Seyfarth Synopsis: On June 30, 2022, the California Supreme Court determined that the interdependent relationship between employers and the staffing agencies with which they contract does not necessarily mean the two are in “privity.” As a result, the employer could not take advantage of a settlement agreement and judgment entered into between a staffing agency and employees who it assigned to work at the employer. Grande v. Eisenhower Medical Center.

The Facts

In February 2012, FlexCare, a temporary staffing agency, assigned Lynn Grande, a nurse, to work at Eisenhower Medical Center. As a class representative, Grande joined a class action lawsuit against FlexCare alleging wage and hour violations during the time she worked at Eisenhower, which was not named as a defendant in this lawsuit. FlexCare and the class reached a settlement, which the court entered as a judgment. The settlement agreement listed FlexCare and various entities as released parties. Eisenhower, however, was not among the listed entities, even though Grande and other class members had been assigned by FlexCare to work there.
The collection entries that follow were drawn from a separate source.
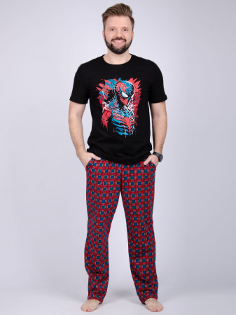 Пижама мужская: футболка прямого кроя с короткими рукавами с принтом на полочке, брюки прямые, с карманами в боковых швах.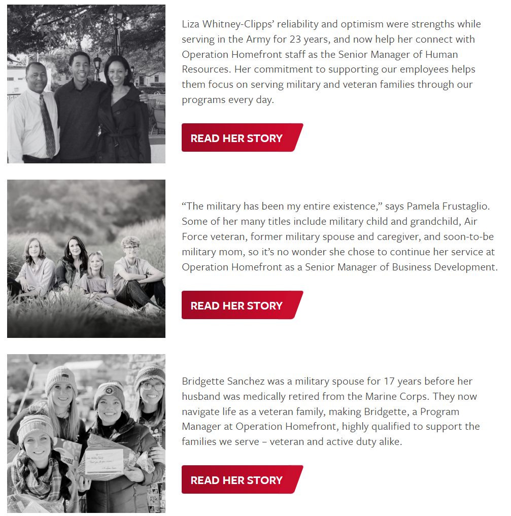 To compliment the videos, we shared written interviews featuring staff from HR, Development, and Regional Programming to share their deep connections to the military (including veteran, military spouse, caregiver, and military child) and why they chose to continue their service at Operation Homefront.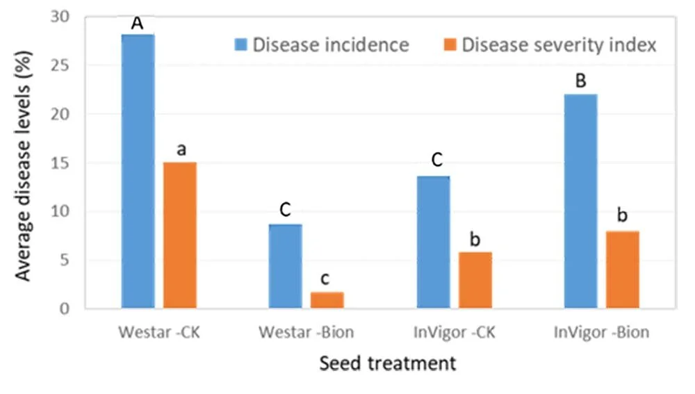 Figure 3. Effect of Bion seed treatment on disease incidence and disease severity index of blackleg originating from cotyledon inoculation on Westar (susceptible) and InVigor (resistant) in two 2021 field trials near Saskatoon, SK and Brandon, MB, respectively. Treatment means with the same letter and case do not differ (LSD, P >0.05).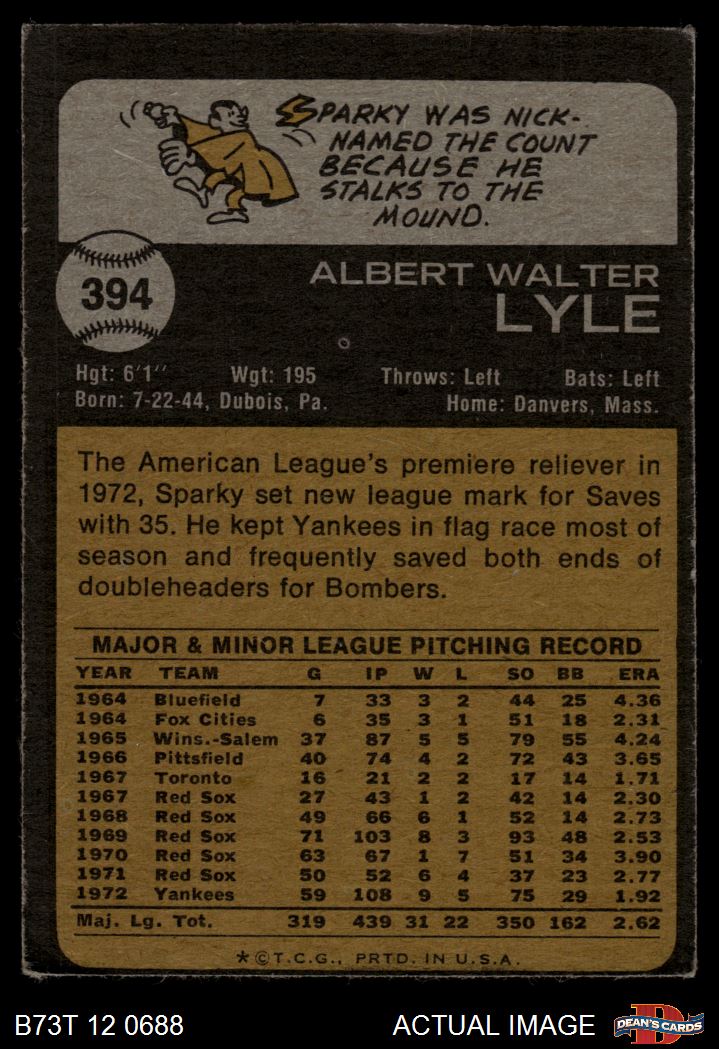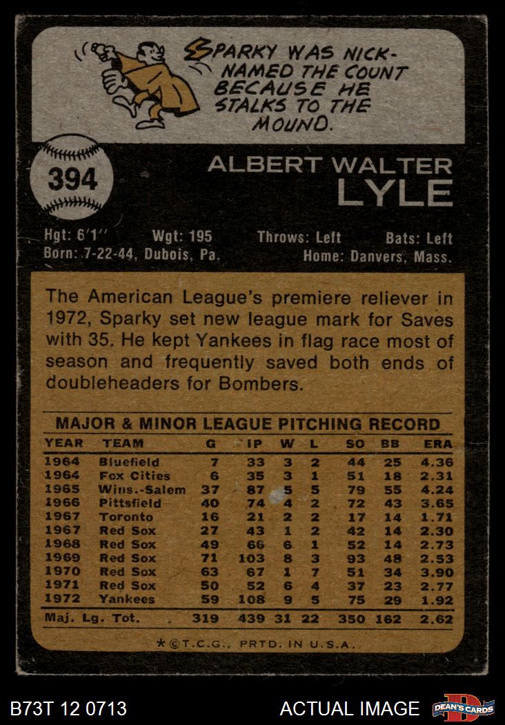 1973 Topps #394 Sparky Lyle 1.5 - FAIR

After the judgment in the first lawsuit became final, Grande sued Eisenhower for the same wage-hour violations she had previously asserted against FlexCare. FlexCare filed a complaint in intervention, seeking declaratory relief. Both FlexCare and Eisenhower argued that Eisenhower was entitled to the benefit of the release, and that the judgment in the first lawsuit precluded the second one.

The Trial Court Decision

The trial court found that, based on the language of the settlement agreement (which did not include Eisenhower in the list of released parties), the release did not extend to the claims Grande had against Eisenhower.

The trial court further concluded that FlexCare was not “in privity” with Eisenhower, meaning that Eisenhower could not rely on the judgment in the first lawsuit to preclude the second one. The trial court reasoned that, had Grande held Eisenhower derivatively liable for the violations of the law by FlexCare, then preclusion of the second suit would be appropriate. But the trial court found no support for the argument that potential joint employer liability between FlexCare and Eisenhower constitutes derivative liability justifying preclusion of the suit. As a result, the trial court entered judgment in favor of Grande.

The Court of Appeal Decision

The Court of Appeal agreed with the trial court that the settlement did not release Grande’s claims against Eisenhower. The Court of Appeal also affirmed the trial court’s determination that FlexCare was not in privity with Eisenhower and, as a result, the first judgment did not preclude the second suit. The decision of the Court of Appeal ran contrary to another appellate court decision, Castillo v. Glenair, which held that a staffing agency and a client-employer were in privity for purposes of claim preclusion.

The California Supreme Court Decision

The California Supreme Court affirmed the judgment of the Court of Appeal, disapproving Castillo, and holding that FlexCare and Eisenhower were not in privity for purposes of preventing the second lawsuit against Eisenhower.

For there to be privity, the Court held, Eisenhower and FlexCare needed to share an identity or a community of interest, with adequate representation of that interest in the first lawsuit, such that Eisenhower should reasonably have expected to be bound by the result of the first lawsuit. Privity “does not exist merely because two entities are allegedly liable for the same wrong to the same plaintiff,” the Court explained.

Here, the Court noted, FlexCare declined to concede that it would have to indemnify Eisenhower for all the alleged violations Grande asserted in the second suit. This, in turn, suggested “a conflict of incentives rather than adequate representation.” Further, the Court reasoned, Eisenhower may have had an interest in shifting fault to FlexCare for some alleged violations. Ultimately, the Court concluded, FlexCare and Eisenhower’s divergent interests prevented a finding of privity.

What Eisenhower Means for Employers

It is now clear that employers that contract with nurse registries and other staffing agencies should not assume that a release of claims entered into by the staffing agency will operate as a release of claims against the employer.

Thus, employers using staffing agencies must be proactive and include clauses in the staffing agency agreements that provide, for example, that the staffing agency is responsible for compliance with all employment laws, including wage-hour laws; will indemnify, defend, and hold harmless the employer from all employment claims; must notify the employer if a claim is brought against the staffing agency that involves services by a worker assigned by the staffing agency to work at the employer; include the employer as a named releasee in a settlement involving such workers; and provide the employer with the ability to audit the employment practices of the staffing agency.